Confusion about Markov random fields in the mgcv package in R

Confusion about Markov random fields in the mgcv package in R - r

In order to implement a spatial analysis, I tried a simple Markov random field smoother in an example in the mgcv package in R, where the manual is here:
https://stat.ethz.ch/R-manual/R-devel/library/mgcv/html/smooth.construct.mrf.smooth.spec.html
This is the example I tried:
library(mgcv)
data(columb) ## data frame
data(columb.polys) ## district shapes list
xt <- list(polys=columb.polys) ## neighbourhood structure info for MRF
b <- gam(crime ~ s(district,bs="mrf",xt=xt),data=columb,method="REML")
However, when I took a look at estimated coefficients in b$coefficients, there are 48 estimates from the Markov random field smoother:
> b$coefficients
(Intercept) s(district).1 s(district).2 s(district).3 s(district).4
35.12882390 -10.96490165 20.99250496 16.04968951 10.49535483
s(district).5 s(district).6 s(district).7 s(district).8 s(district).9
16.56626217 14.55352540 17.90043996 -0.60239588 13.41215603
s(district).10 s(district).11 s(district).12 s(district).13 s(district).14
18.61920671 -11.13853418 -2.95677338 7.89719220 3.04717540
s(district).15 s(district).16 s(district).17 s(district).18 s(district).19
-11.18235328 12.57473374 19.83013619 10.56130003 12.36240748
s(district).20 s(district).21 s(district).22 s(district).23 s(district).24
15.65160761 20.40965885 24.79853590 0.05312873 -14.65881026
s(district).25 s(district).26 s(district).27 s(district).28 s(district).29
-13.01294201 7.16191556 -9.36311304 3.65410713 -16.37092777
s(district).30 s(district).31 s(district).32 s(district).33 s(district).34
11.23500771 13.92036006 -14.67653893 -12.39341674 11.02216471
s(district).35 s(district).36 s(district).37 s(district).38 s(district).39
-12.93210046 -15.48924425 3.42745125 -2.54916472 -1.90604972
s(district).40 s(district).41 s(district).42 s(district).43 s(district).44
-16.25160966 -7.46491914 -4.48126353 -7.61064264 -2.91807488
s(district).45 s(district).46 s(district).47 s(district).48
-12.12765102 6.68446503 2.55883220 -0.20920888
However, the district shapes list shows 49 areas (from 0~48). When I tried my data, the same situation happened because data with 28 areas only produced 27 estimates from the Markov random field smoother.
My understanding is, the Markov random field used as a spatial function can be regarded as a structured random effect; however, the Markov random field smoother in the mgcv package in R seems to automatically set up the first area as a reference level. I am wondering whether it is just like a fixed effect but under the consideration of spatial autocorrelation?
If so, an extended problem is how to explain such output? I feel very weird in that the spatial estimate can be explained like the difference between each area and the reference area, but this interpretation is not too meaningful.
I am thinking whether we can fit a Markov random field smoother like a random effect in R. Hope anyone who is familiar with this package can provide some suggestions. Thanks!

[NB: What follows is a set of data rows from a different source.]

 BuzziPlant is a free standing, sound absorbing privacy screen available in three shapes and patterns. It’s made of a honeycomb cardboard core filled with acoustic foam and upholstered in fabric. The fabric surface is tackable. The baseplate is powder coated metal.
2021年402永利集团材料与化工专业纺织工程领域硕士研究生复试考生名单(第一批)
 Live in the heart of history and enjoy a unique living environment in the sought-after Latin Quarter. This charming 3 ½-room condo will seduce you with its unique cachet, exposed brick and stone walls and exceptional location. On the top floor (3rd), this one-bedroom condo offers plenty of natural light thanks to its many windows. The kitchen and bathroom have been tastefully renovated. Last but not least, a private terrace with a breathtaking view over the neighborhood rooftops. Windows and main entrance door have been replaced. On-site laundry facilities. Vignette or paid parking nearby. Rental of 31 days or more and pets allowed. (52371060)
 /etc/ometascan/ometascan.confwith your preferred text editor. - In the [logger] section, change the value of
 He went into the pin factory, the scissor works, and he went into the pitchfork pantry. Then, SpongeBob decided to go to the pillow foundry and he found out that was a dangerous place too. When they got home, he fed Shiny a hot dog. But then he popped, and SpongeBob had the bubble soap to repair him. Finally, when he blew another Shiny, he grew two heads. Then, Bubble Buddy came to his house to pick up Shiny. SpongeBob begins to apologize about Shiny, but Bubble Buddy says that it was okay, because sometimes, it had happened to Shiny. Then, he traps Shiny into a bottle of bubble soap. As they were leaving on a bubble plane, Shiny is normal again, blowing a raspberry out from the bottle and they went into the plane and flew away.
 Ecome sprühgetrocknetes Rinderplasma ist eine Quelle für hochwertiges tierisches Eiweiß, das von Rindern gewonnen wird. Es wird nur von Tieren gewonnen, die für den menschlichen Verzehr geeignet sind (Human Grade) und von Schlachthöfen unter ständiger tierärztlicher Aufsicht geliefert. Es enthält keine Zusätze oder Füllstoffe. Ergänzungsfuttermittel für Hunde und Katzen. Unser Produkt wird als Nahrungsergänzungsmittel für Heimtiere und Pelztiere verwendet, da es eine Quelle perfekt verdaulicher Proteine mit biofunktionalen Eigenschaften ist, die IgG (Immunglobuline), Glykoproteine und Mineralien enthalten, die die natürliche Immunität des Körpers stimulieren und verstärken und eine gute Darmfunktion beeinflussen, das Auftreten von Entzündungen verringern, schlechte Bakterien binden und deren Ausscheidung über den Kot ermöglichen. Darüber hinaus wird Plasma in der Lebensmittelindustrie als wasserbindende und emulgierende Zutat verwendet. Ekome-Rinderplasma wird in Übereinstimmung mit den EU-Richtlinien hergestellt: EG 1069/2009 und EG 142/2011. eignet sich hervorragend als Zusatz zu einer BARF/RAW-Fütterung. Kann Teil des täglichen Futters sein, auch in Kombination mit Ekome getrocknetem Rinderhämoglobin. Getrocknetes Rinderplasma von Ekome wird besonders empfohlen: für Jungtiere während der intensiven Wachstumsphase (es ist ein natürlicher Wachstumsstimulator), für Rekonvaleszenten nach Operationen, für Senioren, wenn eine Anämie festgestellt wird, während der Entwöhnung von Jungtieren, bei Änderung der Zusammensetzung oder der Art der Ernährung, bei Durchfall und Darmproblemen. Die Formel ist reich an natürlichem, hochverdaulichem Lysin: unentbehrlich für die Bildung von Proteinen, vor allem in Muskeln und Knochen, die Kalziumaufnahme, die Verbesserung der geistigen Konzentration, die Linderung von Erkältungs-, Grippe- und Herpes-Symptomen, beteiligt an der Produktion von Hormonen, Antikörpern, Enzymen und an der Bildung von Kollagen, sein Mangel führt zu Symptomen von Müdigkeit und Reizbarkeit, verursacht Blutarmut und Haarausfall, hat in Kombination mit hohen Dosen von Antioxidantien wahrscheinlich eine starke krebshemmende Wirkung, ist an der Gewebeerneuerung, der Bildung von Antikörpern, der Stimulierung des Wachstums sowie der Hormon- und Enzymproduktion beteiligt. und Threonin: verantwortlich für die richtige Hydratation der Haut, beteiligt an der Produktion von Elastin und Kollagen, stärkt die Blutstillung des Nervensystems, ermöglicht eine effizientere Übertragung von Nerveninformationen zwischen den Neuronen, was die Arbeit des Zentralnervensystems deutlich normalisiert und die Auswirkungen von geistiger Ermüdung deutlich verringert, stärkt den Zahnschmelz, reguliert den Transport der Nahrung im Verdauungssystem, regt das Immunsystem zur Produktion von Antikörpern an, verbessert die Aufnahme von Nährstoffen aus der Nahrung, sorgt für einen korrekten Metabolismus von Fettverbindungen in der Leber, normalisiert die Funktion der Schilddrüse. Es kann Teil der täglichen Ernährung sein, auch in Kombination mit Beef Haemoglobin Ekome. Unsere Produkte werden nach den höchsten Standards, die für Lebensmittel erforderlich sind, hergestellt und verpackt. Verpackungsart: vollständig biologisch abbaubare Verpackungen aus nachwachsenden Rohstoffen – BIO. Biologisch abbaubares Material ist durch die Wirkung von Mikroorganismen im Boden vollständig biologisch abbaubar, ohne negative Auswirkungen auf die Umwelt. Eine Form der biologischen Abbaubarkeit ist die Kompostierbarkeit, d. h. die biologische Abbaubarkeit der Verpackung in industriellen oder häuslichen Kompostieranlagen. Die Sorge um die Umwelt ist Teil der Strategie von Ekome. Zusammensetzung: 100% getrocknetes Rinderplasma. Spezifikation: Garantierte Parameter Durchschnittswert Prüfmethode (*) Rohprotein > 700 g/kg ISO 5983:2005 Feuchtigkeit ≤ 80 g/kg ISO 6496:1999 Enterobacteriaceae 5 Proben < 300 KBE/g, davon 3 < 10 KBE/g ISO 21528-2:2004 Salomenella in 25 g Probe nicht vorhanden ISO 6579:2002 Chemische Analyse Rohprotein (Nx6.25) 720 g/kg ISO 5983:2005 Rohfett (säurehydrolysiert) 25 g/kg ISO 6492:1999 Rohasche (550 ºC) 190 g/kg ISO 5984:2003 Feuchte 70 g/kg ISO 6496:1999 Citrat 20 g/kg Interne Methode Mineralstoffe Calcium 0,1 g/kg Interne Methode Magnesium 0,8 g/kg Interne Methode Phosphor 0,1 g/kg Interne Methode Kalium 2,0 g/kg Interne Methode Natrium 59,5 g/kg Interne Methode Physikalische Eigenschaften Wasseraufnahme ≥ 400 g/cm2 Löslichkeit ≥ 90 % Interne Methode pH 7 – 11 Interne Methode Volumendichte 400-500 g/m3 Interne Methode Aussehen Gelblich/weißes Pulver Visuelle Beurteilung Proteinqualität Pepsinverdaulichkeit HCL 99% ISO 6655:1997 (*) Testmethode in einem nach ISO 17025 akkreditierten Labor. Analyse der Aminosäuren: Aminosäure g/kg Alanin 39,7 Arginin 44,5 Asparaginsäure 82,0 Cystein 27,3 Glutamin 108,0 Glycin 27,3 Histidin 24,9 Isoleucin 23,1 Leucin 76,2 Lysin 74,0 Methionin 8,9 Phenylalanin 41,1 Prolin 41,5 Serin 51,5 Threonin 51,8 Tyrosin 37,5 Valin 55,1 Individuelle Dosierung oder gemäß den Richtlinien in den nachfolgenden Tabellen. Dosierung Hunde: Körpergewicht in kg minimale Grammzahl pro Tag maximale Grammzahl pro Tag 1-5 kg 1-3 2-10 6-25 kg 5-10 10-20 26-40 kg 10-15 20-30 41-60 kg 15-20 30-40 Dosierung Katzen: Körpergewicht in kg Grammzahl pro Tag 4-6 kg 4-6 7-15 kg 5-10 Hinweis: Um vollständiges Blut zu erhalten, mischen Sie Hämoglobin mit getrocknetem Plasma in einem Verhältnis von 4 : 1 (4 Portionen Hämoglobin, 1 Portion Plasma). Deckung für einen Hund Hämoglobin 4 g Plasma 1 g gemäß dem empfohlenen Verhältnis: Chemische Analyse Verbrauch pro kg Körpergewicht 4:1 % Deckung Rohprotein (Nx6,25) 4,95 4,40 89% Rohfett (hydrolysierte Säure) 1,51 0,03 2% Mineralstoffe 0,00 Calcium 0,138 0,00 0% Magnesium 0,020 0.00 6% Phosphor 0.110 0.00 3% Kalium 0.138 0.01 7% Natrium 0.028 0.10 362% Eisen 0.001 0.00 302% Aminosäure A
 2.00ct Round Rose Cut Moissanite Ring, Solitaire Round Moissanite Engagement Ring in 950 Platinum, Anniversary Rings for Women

The coefficients in a multivariate Gaussian smoothing are not and should not be interpreted as coefficients individually applied to each covariate s is a function of. They describe the correlation relationship between the covariates; correlation described by a number of coefficients to be set by the k parameter in the s R function.
By default, s sets k to its maximum, n-1. k cannot be bigger than n-1 with n the number of covariates in s as an intercept is necessary to set the average level the smoothing function will vary around and the total number of fitted parameters must not be bigger than the size of the "data".
For further details, check the paragraph on choose.k in the mgcv help file.
If you are interested by something directly applicable to each of your districts, you should check the values predicted by the smoothing function. Following gamObject help it is given by the fitted.values item.
Here I get:
> b$fitted.values
[1] 18.81758 22.12502 30.13315 33.14305 44.11208 30.17184 20.96227 39.77438
[9] 35.64875 32.88071 54.08242 49.13961 43.58527 49.65618 47.64344 50.99036
[17] 32.48752 46.50207 51.70913 21.95138 40.98711 36.13709 21.90757 45.66465
[25] 52.92006 43.65122 45.45233 48.74153 53.49958 57.88845 18.43111 20.07698
[33] 40.25183 23.72681 36.74403 16.71899 44.32493 47.01028 18.41338 20.69650
[41] 20.15782 17.60067 36.51737 30.54075 31.18387 16.83831 25.62500 28.60866
[49] 25.47928
The result of plot(b) allows to visualize the fit, it
looks good and the correspondence between observed and estimated seems reasonable: plot(columb$crime,b$fitted.values)

Related

sommer, multivariate liner mixed model analysis, plant breeding applications

I had the opportunity to read the sommer documentation but I was able to find some example of regression on markers (rrBLUP parametrization), just examples using the kinship parametrization (GBLUP parametrization). Please, could you gently say if it is possible
on sommer to regress directly on markers, instead of using the kinship matrix? Especially under multivariate scenarios (multiple traits, locations etc) modelling an unstructured var-cov for the marker effects

In sommer >= 3.7 is straight forward to fit an rrBLUP model in the multivariate setting, the DT_cpdata has a good example
librayr(sommer)
data(DT_cpdata)
mix.rrblup <- mmer(fixed=cbind(color,Yield)~1,
random=~vs(list(GT),Gtc=unsm(2)) + vs(Rowf,Gtc=diag(2))
rcov=~vs(units,Gtc=unsm(2)),
data=DT)
summary(mix.rrblup)
A <- A.mat(GT)
mix.gblup <- mmer(fixed=cbind(color,Yield)~1,
random=~vs(id,Gu=A, Gtc=unsm(2)) + vs(Rowf,Gtc=diag(2))
rcov=~vs(units,Gtc=unsm(2)),
data=DT)
summary(mix.gblup)
the vs() function makes a variance structure for a given random effect, and the covariance structure for the univariate/multivariate setting is provided in the Gtc argument as a matrix, where i.e. diagonal, unstructured or a customized structure can be provided. When the user want to provide a customized matrix as a random effect such as a marker matrix GT to do rrBLUP it has to be provided in a list() to internally help sommer to put it in the right format, whereas in the GBLUP version the random effect id which has the labels for individuals can have a covariance matrix provided in the Gu argument.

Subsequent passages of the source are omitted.